▶ Activity
Retype the listing exactly as it stands, and keep every image out.

(Given data begins)

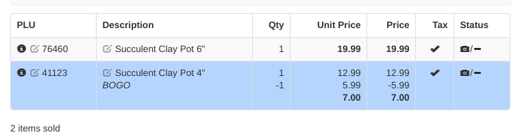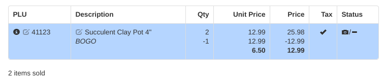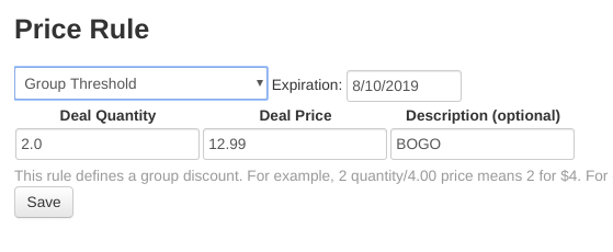 Think “BOGO” when you hear group threshold. This type of price rule applies when 2 or more of the same item are rung up. To set up a “buy one get one free” sale, select Group Threshold from the drop down, enter the quantity as 2, the deal price as whatever the regular retail price for one of the items is, and the description as “BOGO”. This will automatically apply when 2 or more of the item are rung up.
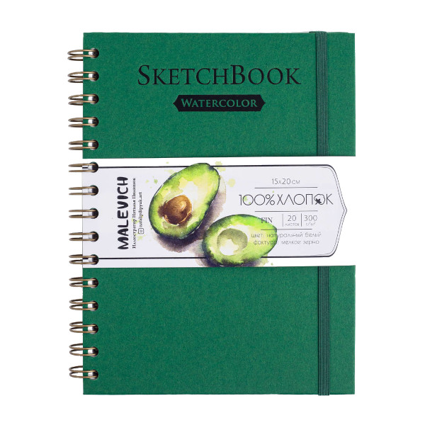 Скетчбук для акварели А5- 20л, 300г/м2, гребень, зеленый, резинка 401512 Малевичъ
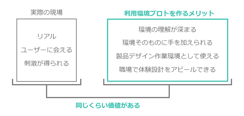 ユーザー観察と同じように、実際の現場に⾏くことはインプットとして重要です。その場所が⽇常的にいくことができプロトタイピングに使えるのであれば活⽤しない⼿はありません。
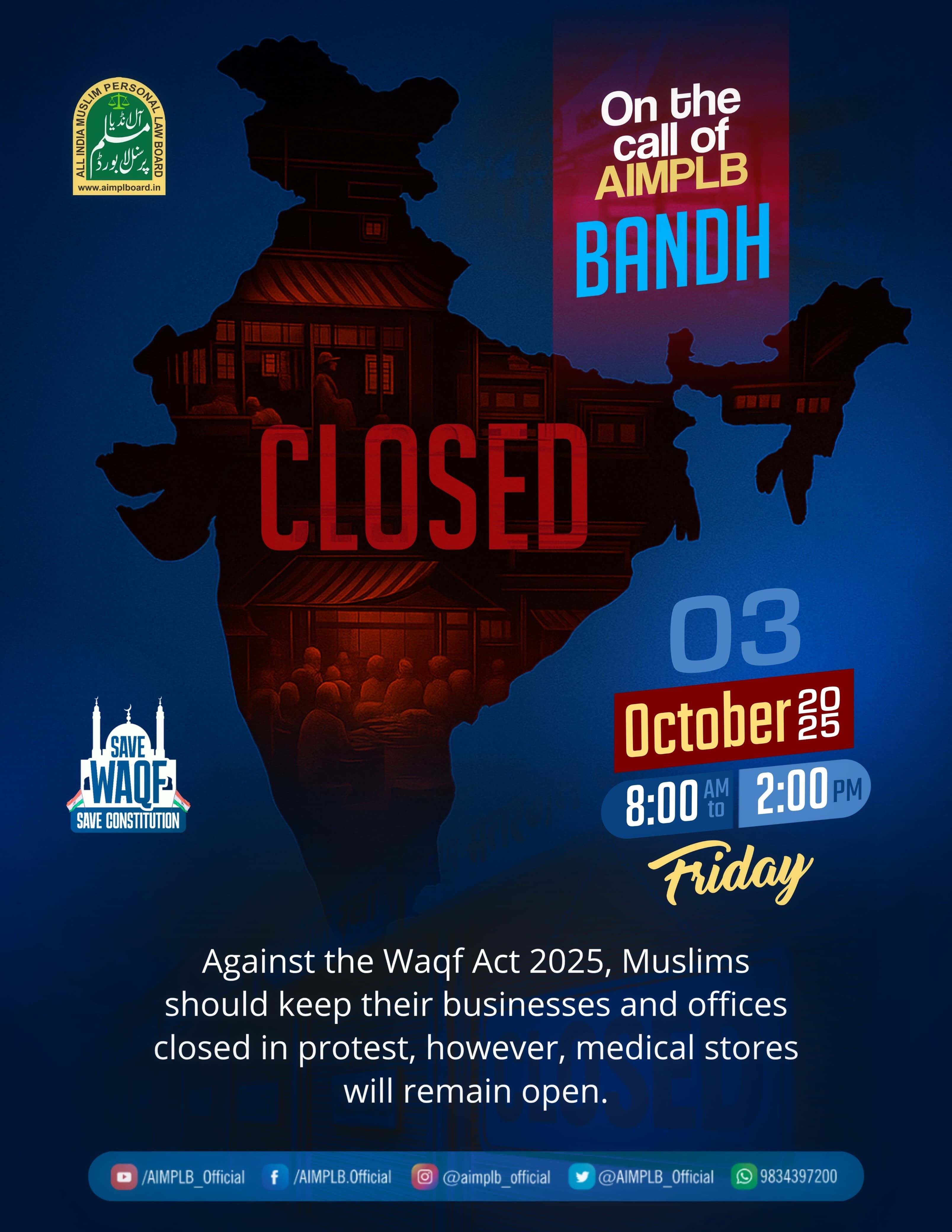 വഖ്ഫ് ഭേദഗതി നിയമം: ഒക്ടോബര് മൂന്നിന് അഖിലേന്ത്യാ ബന്ദിന് ആഹ്വാനം ചെയ്ത് മുസ്ലിം വ്യക്തിനിയമബോര്ഡ്

(Given data ends)

▶ Written answer
 Think “BOGO” when you hear group threshold. This type of price rule applies when 2 or more of the same item are rung up. To set up a “buy one get one free” sale, select Group Threshold from the drop down, enter the quantity as 2, the deal price as whatever the regular retail price for one of the items is, and the description as “BOGO”. This will automatically apply when 2 or more of the item are rung up.
 Скетчбук для акварели А5- 20л, 300г/м2, гребень, зеленый, резинка 401512 Малевичъ
 ユーザー観察と同じように、実際の現場に⾏くことはインプットとして重要です。その場所が⽇常的にいくことができプロトタイピングに使えるのであれば活⽤しない⼿はありません。
 വഖ്ഫ് ഭേദഗതി നിയമം: ഒക്ടോബര് മൂന്നിന് അഖിലേന്ത്യാ ബന്ദിന് ആഹ്വാനം ചെയ്ത് മുസ്ലിം വ്യക്തിനിയമബോര്ഡ്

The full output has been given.